## [What you are asked to do]
Transcribe the data in full and exactly, omitting any pictures.

## [The records]
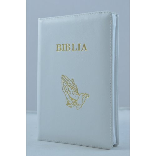 Biblia format mic, din piele, culoare alba, index, fermoar, margini aurii, cu maini in ruga, cuv. lui Isus in rosu [047 PFI]
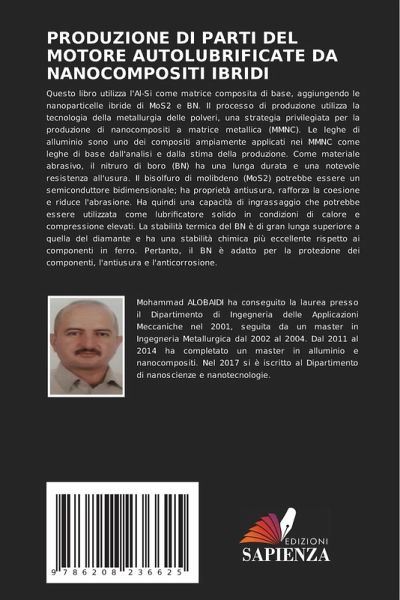 Questo libro utilizza l'Al-Si come matrice composita di base, aggiungendo le nanoparticelle ibride di MoS2 e BN. Il processo di produzione utilizza la tecnologia della metallurgia delle polveri, una strategia privilegiata per la produzione di nanocompositi a matrice metallica (MMNC). Le leghe di alluminio sono uno dei compositi ampiamente applicati nei MMNC come leghe di base dall'analisi e dalla stima della produzione. Come materiale abrasivo, il nitruro di boro (BN) ha una lunga durata e una notevole resistenza all'usura. Il bisolfuro di molibdeno (MoS2) potrebbe essere un semiconduttore bidimensionale; ha proprietà antiusura, rafforza la coesione e riduce l'abrasione. Ha quindi una capacità di ingrassaggio che potrebbe essere utilizzata come lubrificatore solido in condizioni di calore e compressione elevati. La stabilità termica del BN è di gran lunga superiore a quella del diamante e ha una stabilità chimica più eccellente rispetto ai componenti in ferro. Pertanto, il BN è adatto per la protezione dei componenti, l'antiusura e l'anticorrosione.
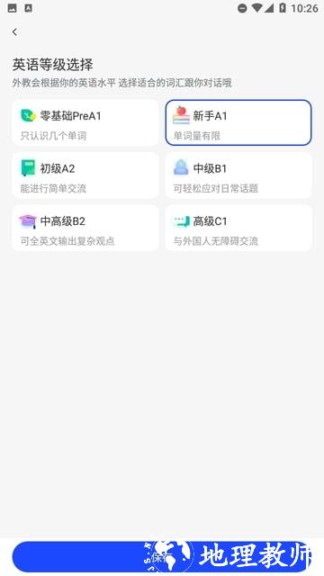 3、从新手、初级、中级、高级等选项中,选择匹配自身能力的英语等级,开启对话练习。
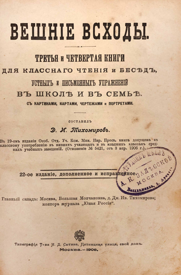 Книга для классного чтения и бесед, устных и письменных упражнений в школе, и в семье. Книга содержит множество текстов на разные темы с вопросами после прочтения и церковно славянские тексты. На каждой странице издания — иллюстрация, отражающая дух эпохи.
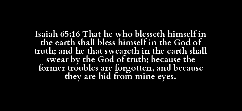 Isaiah 65:16 That he who blesseth himself in the earth shall bless himself in the God of truth; and he that sweareth in the earth shall swear by the God of truth; because the former troubles are forgotten, and because they are hid from mine eyes.
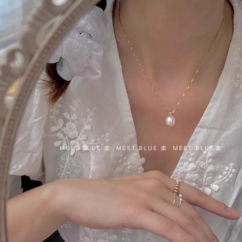 S925 فضة اللؤلؤ قلادة المرأة قطرة الماء Passepartout واحدة
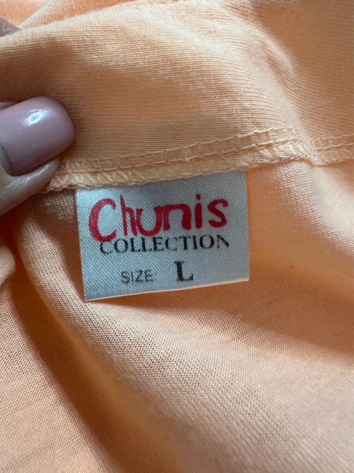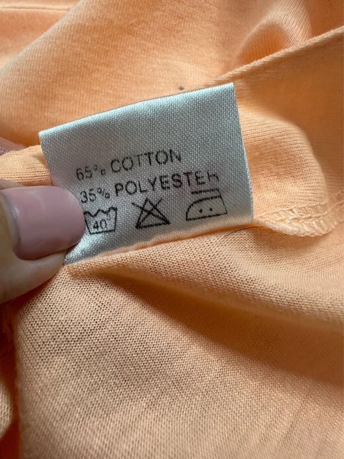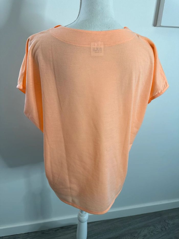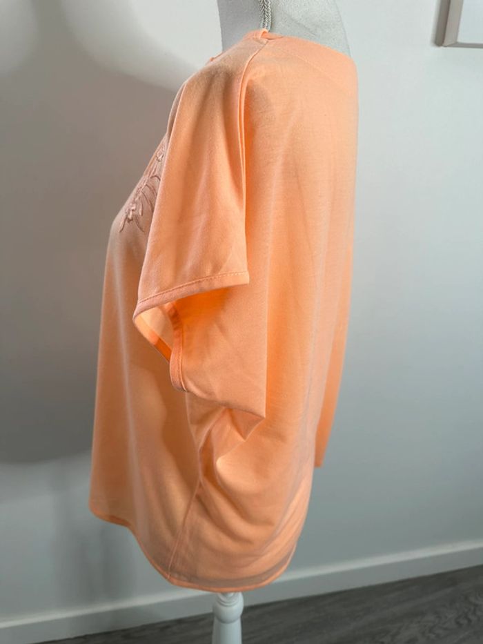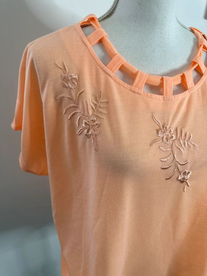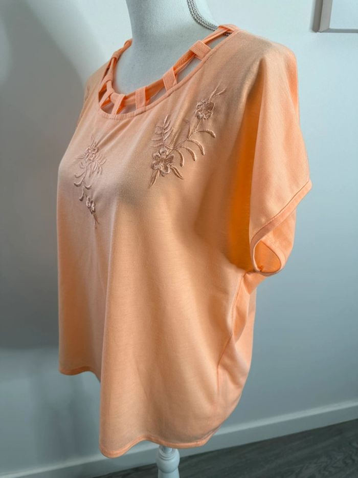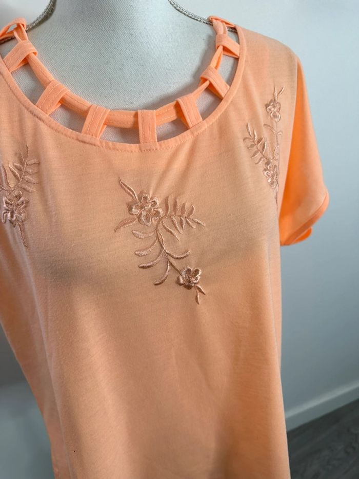T-shirt - Excellent état - Manches courtes - Taille 40 équivalent L - Broderies fleurs au niveau du col - Col ajouré - Vintage, années 80-90’ - Couleur orange abricot - Coton et polyester
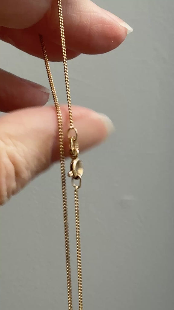 An excellent curb link necklace to wear solo or with a pendant. She is solid 18k yellow gold, weighing 1.9 grams and measuring 16.9 inches long by 1 mm wide.

## [Response]
 Biblia format mic, din piele, culoare alba, index, fermoar, margini aurii, cu maini in ruga, cuv. lui Isus in rosu [047 PFI]
 Questo libro utilizza l'Al-Si come matrice composita di base, aggiungendo le nanoparticelle ibride di MoS2 e BN. Il processo di produzione utilizza la tecnologia della metallurgia delle polveri, una strategia privilegiata per la produzione di nanocompositi a matrice metallica (MMNC). Le leghe di alluminio sono uno dei compositi ampiamente applicati nei MMNC come leghe di base dall'analisi e dalla stima della produzione. Come materiale abrasivo, il nitruro di boro (BN) ha una lunga durata e una notevole resistenza all'usura. Il bisolfuro di molibdeno (MoS2) potrebbe essere un semiconduttore bidimensionale; ha proprietà antiusura, rafforza la coesione e riduce l'abrasione. Ha quindi una capacità di ingrassaggio che potrebbe essere utilizzata come lubrificatore solido in condizioni di calore e compressione elevati. La stabilità termica del BN è di gran lunga superiore a quella del diamante e ha una stabilità chimica più eccellente rispetto ai componenti in ferro. Pertanto, il BN è adatto per la protezione dei componenti, l'antiusura e l'anticorrosione.
 3、从新手、初级、中级、高级等选项中,选择匹配自身能力的英语等级,开启对话练习。
 Книга для классного чтения и бесед, устных и письменных упражнений в школе, и в семье. Книга содержит множество текстов на разные темы с вопросами после прочтения и церковно славянские тексты. На каждой странице издания — иллюстрация, отражающая дух эпохи.
 Isaiah 65:16 That he who blesseth himself in the earth shall bless himself in the God of truth; and he that sweareth in the earth shall swear by the God of truth; because the former troubles are forgotten, and because they are hid from mine eyes.
 S925 فضة اللؤلؤ قلادة المرأة قطرة الماء Passepartout واحدة
T-shirt - Excellent état - Manches courtes - Taille 40 équivalent L - Broderies fleurs au niveau du col - Col ajouré - Vintage, années 80-90’ - Couleur orange abricot - Coton et polyester
 An excellent curb link necklace to wear solo or with a pendant. She is solid 18k yellow gold, weighing 1.9 grams and measuring 16.9 inches long by 1 mm wide.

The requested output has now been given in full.